* EXERCISE BRIEF *
An exact transcription of all the data is required; the pictures are to be left out.

* SUPPLIED DATA *
· · · · · · ·

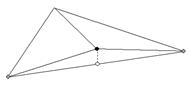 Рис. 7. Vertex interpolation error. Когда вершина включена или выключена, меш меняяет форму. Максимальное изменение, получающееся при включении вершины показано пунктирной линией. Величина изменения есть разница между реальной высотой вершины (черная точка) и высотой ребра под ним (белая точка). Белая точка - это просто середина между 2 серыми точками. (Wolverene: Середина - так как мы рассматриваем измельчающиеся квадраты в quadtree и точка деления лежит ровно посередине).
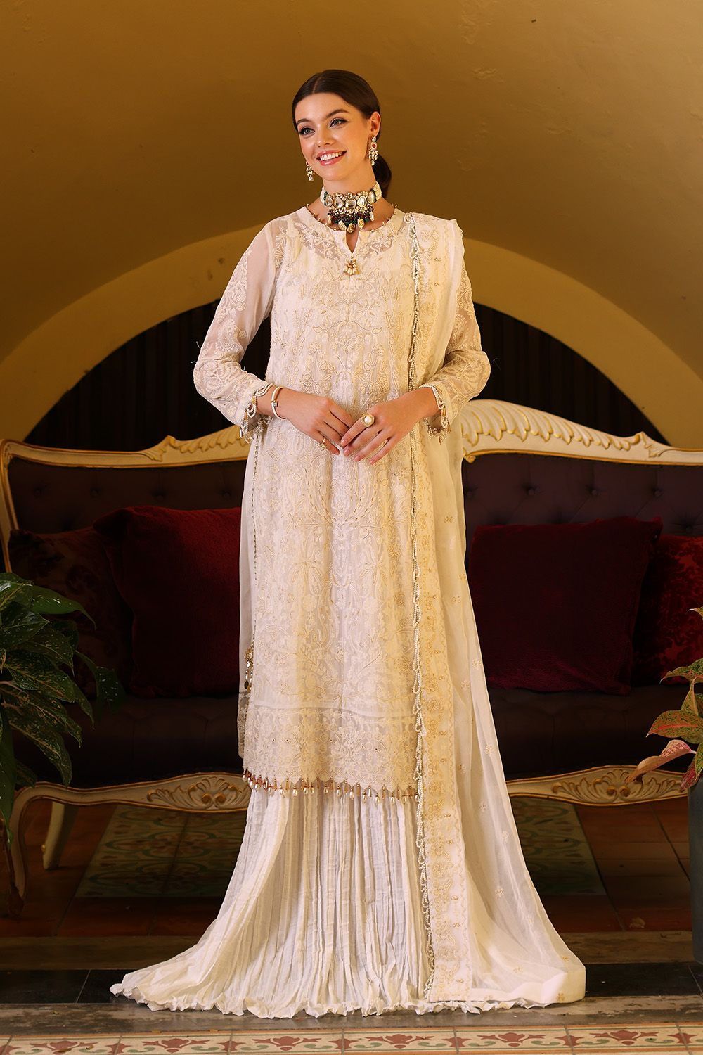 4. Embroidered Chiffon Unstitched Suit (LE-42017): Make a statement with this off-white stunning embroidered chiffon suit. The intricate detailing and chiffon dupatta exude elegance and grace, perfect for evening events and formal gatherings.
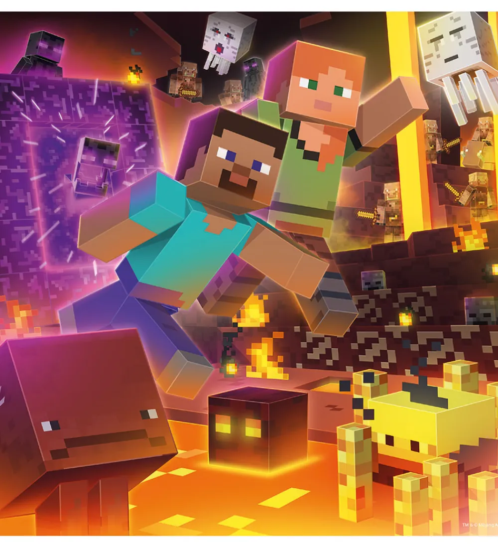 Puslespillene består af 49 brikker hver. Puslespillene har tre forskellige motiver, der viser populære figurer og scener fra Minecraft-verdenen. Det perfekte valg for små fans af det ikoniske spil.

· · · · · · ·

* RESPONSE TO THE EXERCISE *
 Рис. 7. Vertex interpolation error. Когда вершина включена или выключена, меш меняяет форму. Максимальное изменение, получающееся при включении вершины показано пунктирной линией. Величина изменения есть разница между реальной высотой вершины (черная точка) и высотой ребра под ним (белая точка). Белая точка - это просто середина между 2 серыми точками. (Wolverene: Середина - так как мы рассматриваем измельчающиеся квадраты в quadtree и точка деления лежит ровно посередине).
 4. Embroidered Chiffon Unstitched Suit (LE-42017): Make a statement with this off-white stunning embroidered chiffon suit. The intricate detailing and chiffon dupatta exude elegance and grace, perfect for evening events and formal gatherings.
 Puslespillene består af 49 brikker hver. Puslespillene har tre forskellige motiver, der viser populære figurer og scener fra Minecraft-verdenen. Det perfekte valg for små fans af det ikoniske spil.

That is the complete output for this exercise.